Kentucky, Louisville end rhetoric, and tip it off


Associated Press

NEW ORLEANS

Kentucky coach John Calipari likes to say there are no rivalry games at this point in the season.

Try telling that to the Bluegrass State, where basketball’s version of the civil war — Kentucky vs. Louisville, winner plays for the NCAA title — has so divided the small state that senior citizens have come to fisticuffs.

“The fans take it as, whoever loses, it’s their funeral, really,” Louisville senior guard Chris Smith said. “It’s really cut-throat, I would say.”

It’s the fifth time top-seeded Kentucky (36-2) and fourth-seeded Louisville (30-9) have met in the NCAA tournament. They split the previous four meetings.

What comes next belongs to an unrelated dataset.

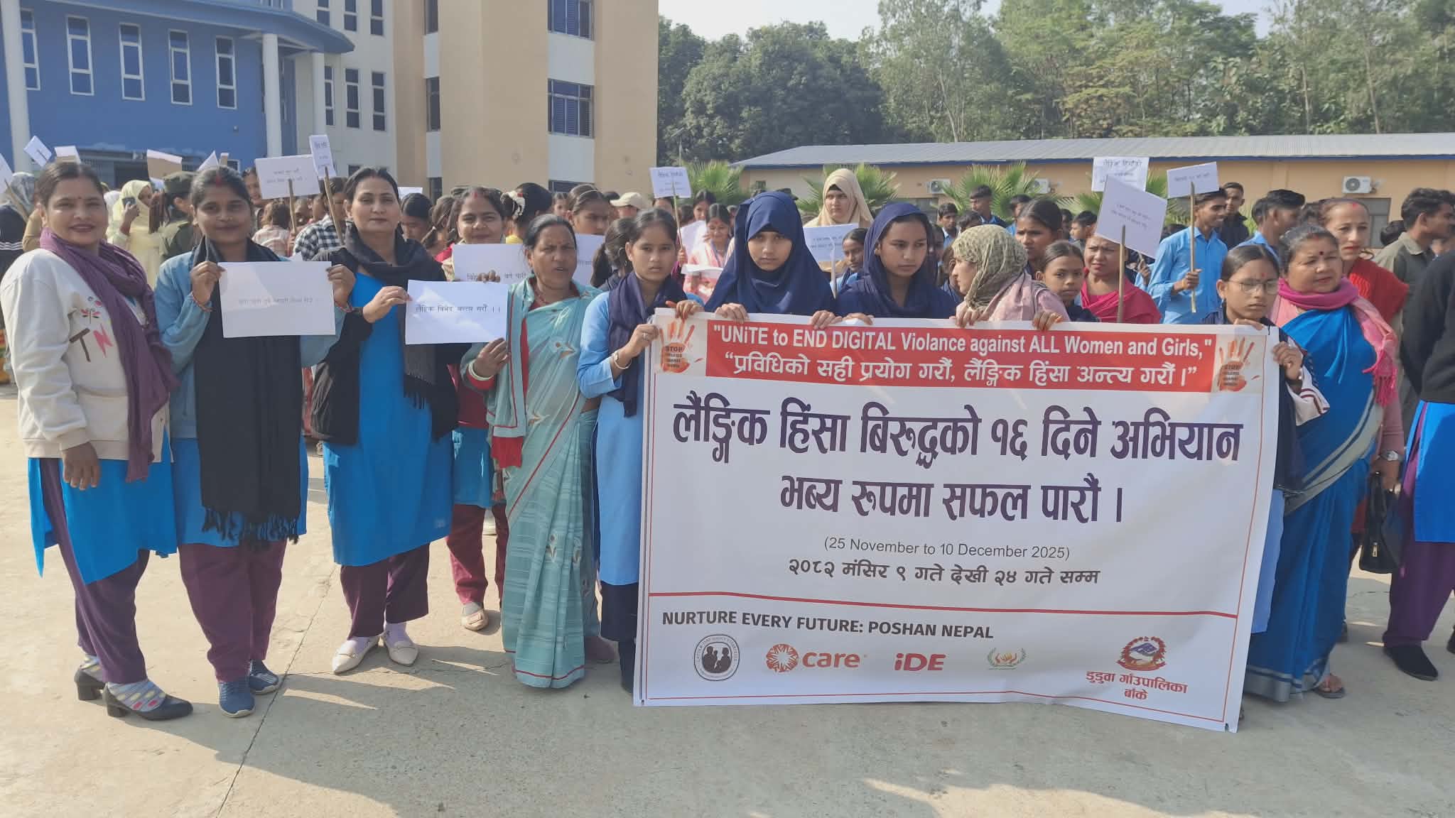 डुडुवा (बाँके), २४ मसिंर । लैङ्गिक हिंसाविरुद्धको १६ दिने अभियानको समापनमा बाँकेको डुडुवा गाउँपालिकाले सचेतनामुलक कार्यक्रम गरेको छ । गाउँपालिकाको ६ वटै वडाबाट रयालीसहित आएका महिलाहरुको समुहले लैङ्गिक हिंसाविरुद्ध सचेतनामुलक सन्देश प्रवाह गरेका छन ।

“It all started with the racial lines in Kentucky,” Louisville coach Rick Pitino said of the rivalry. “Now [it’s] no longer racially motivated. It’s just pure hatred.”

It’s a given that Louisville and Kentucky would be rivals, their campuses a mere 70 miles apart in a state where basketball is king. To hear fans of both schools tell it, however, the programs might as well be on different planets.

Kentucky is a college basketball blue blood, its seven national titles second only to UCLA, while Louisville has a nice little tradition going with two national titles.

Big Blue counts most of the state among its fan base, too, while Louisville isn’t necessarily even No. 1 in its own city.

In fact, about the only thing the two schools have in common is Pitino, who led the Wildcats to one national title and two other Final Four appearances in eight years at Kentucky.

Forget that engendering any warm-and-fuzzy goodwill with the Kentucky folks, however. Now that Pitino isn’t theirs, Kentucky fans hate him, too.

But the bad blood has been simmering for generations.

Kentucky never scheduled in-state schools under coach Adolph Rupp, and former assistant Joe B. Hall dutifully followed suit when he took over as coach. Gov. John Y. Brown stepped in following their matchup in the 1983 NCAA Mideast Regional finals, now known around the state as The Dream Game, and told the schools to start playing each other.

Try as they do to rise above the nitpicking, even UK coach John Calipari and Pitino can’t resist the fray.

Both coaches were reminded Friday about a comment Calipari made back in October about Kentucky’s uniqueness, which sure sounded like it was a slap at Louisville.

“There’s no other state, none, that’s as connected to their basketball program as this one,” Calipari said then. “Because those other states have other programs.”

Asked about that exact comment Friday, Calipari said, “I didn’t say that,” explaining that what he meant was Kentucky fans are scattered across every inch of the state while Cardinals fans are more concentrated in and around Louisville.

“We sleep with the enemy in Louisville,” Pitino acknowledged.